First, BiOI synthesis³⁵ was carried out by the addition of 7.2 ml of acetic acid to a solution obtained by dissolving bismuth nitrate (5 g) in 1 : 1 nitric acid. Separately 1.75 g of potassium iodide and 2.5 g sodium acetate were dissolved in 100 ml of water. Subsequently, the bismuth nitrate solution was added to the potassium iodide and sodium acetate solution. The whole mixture was kept stirring for nearly 3 h and the brick red precipitate was filtered and dried in air and used to synthesize the heterostructure with beyerite after verification by PXRD measurement.
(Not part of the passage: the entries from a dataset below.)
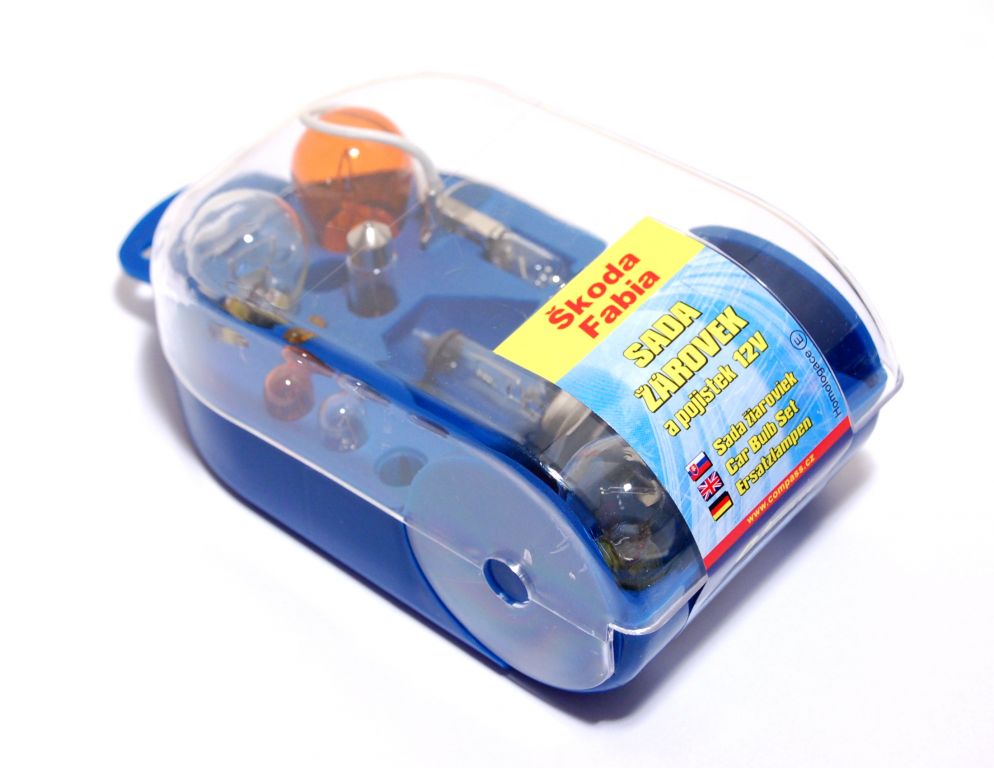 Náhradní autožárovky a pojistky na Škoda Fabia I.v plastovém servisním boxu.
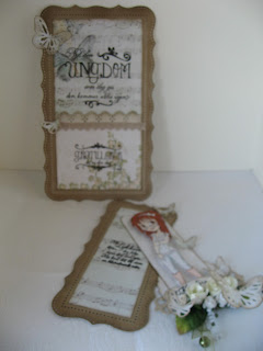 After cutting and punching the cardstock (Bazzill Kraft) and papers I brushed over them with DistressInk WalnutStain. I used several punches from Martha Stewart, corner- and edgepunches and my beloved butterflypunches. I also used one of the dies from Spellbinders Fancy Tags- set.
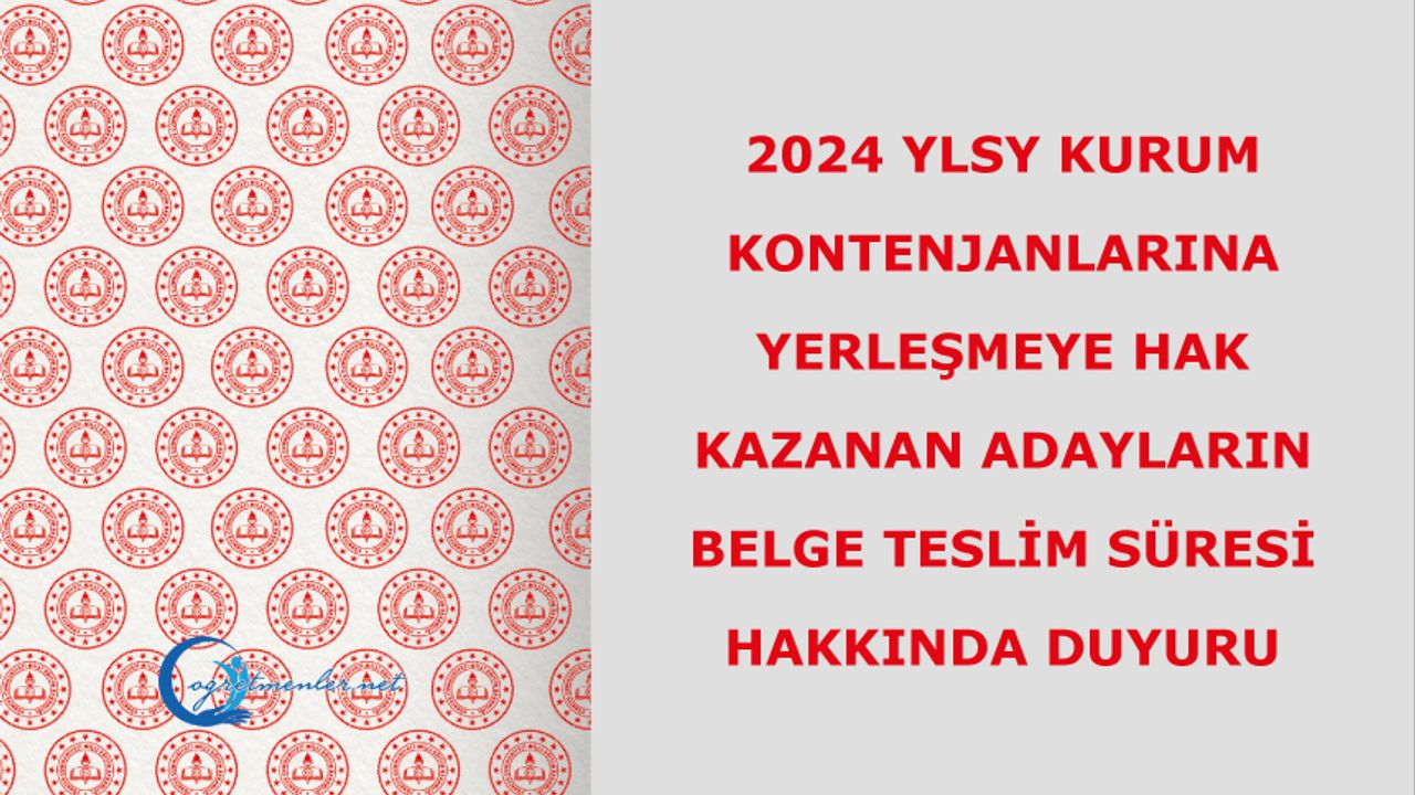 Kontenjanlara yerleşmeye hak kazanan adayların belgelerini en geç 16 Mayıs 2025 saat 17.00'ye kadar "T.C. Millî Eğitim Bakanlığı Yükseköğretim ve Yurt Dışı Eğitim Genel Müdürlüğü, Emniyet Mah. Milas Sok. No:21 Yenimahalle/ANKARA 06560" adresine eksiksiz olarak ulaştırması gerekmektedir. Adaylara duyurulur.

The preparation of 10/90 (in weight percentage) BiOI/CaBi₂O₂(CO₃)₂ was carried out by dispersing 0.90 g of CaBi₂O₂(CO₃)₂ in 20 ml of deionized water by sonication, after its formation corroborated by various characterizations. To this suspension was added 0.1 g of BiOI and sonication was continued for another thirty minutes. The pale pink colored solid was collected by normal filtration and dried at room temperature. The reason for selecting the targeted composite with a 10/90 weight percentage was based on the initial screening experiments using ratios 1/99 and 5/95. The PXRD patterns of the composites registered the presence of BiOI only for the 10/90 composition.

2.3. Characterization

PXRD patterns were recorded using high resolution PANanalytical diffractometer, equipped with pixel detector employing Cu K_α radiation (λ = 1.5418 Å) obtained with a scan rate of 200 s per step and step size of 0.013° at 298 K. LeBail method is used to obtain the cell dimensions from the PXRD patterns and the Rietveld refinement of the PXRD patterns were carried out using GSAS + EXPGUI program.³⁶ The structure diagram were generated by DIAMOND, version 3.³⁷ Raman spectra were recorded using a Renishaw spectrometer via microscope system equipped with an Ar⁺ laser (λ = 785 nm). FTIR spectra were collected using a Perkin Elmer 2000 spectrometer using KBr pellet technique. UV-vis diffuse reflectance data were obtained over the spectral range 200–800 nm using Perkin-Elmer Lambda 35 scanning double beam spectrometer equipped with a 50 mm integrating sphere. BaSO₄ was used as a reference. The data were transformed into absorbance with the Kubelka–Munk function for the estimation of the band gap. The SEM micrographs of the samples were recorded using a FESEM Hitachi S-3700M and TEM was obtained using FEI Technai G² 20 electron microscope operating at 200 kV. Thermogravimetric experiments were performed using Netzsch STA 449F3 instrument with heating rate of 10 °C min⁻¹ over a range of 50 °C to 1000 °C. Surface area was measured by nitrogen adsorption–desorption technique with Quantachrome, Autosorb-1C TCD (Model: ASIC-X-TCD6) analyzer.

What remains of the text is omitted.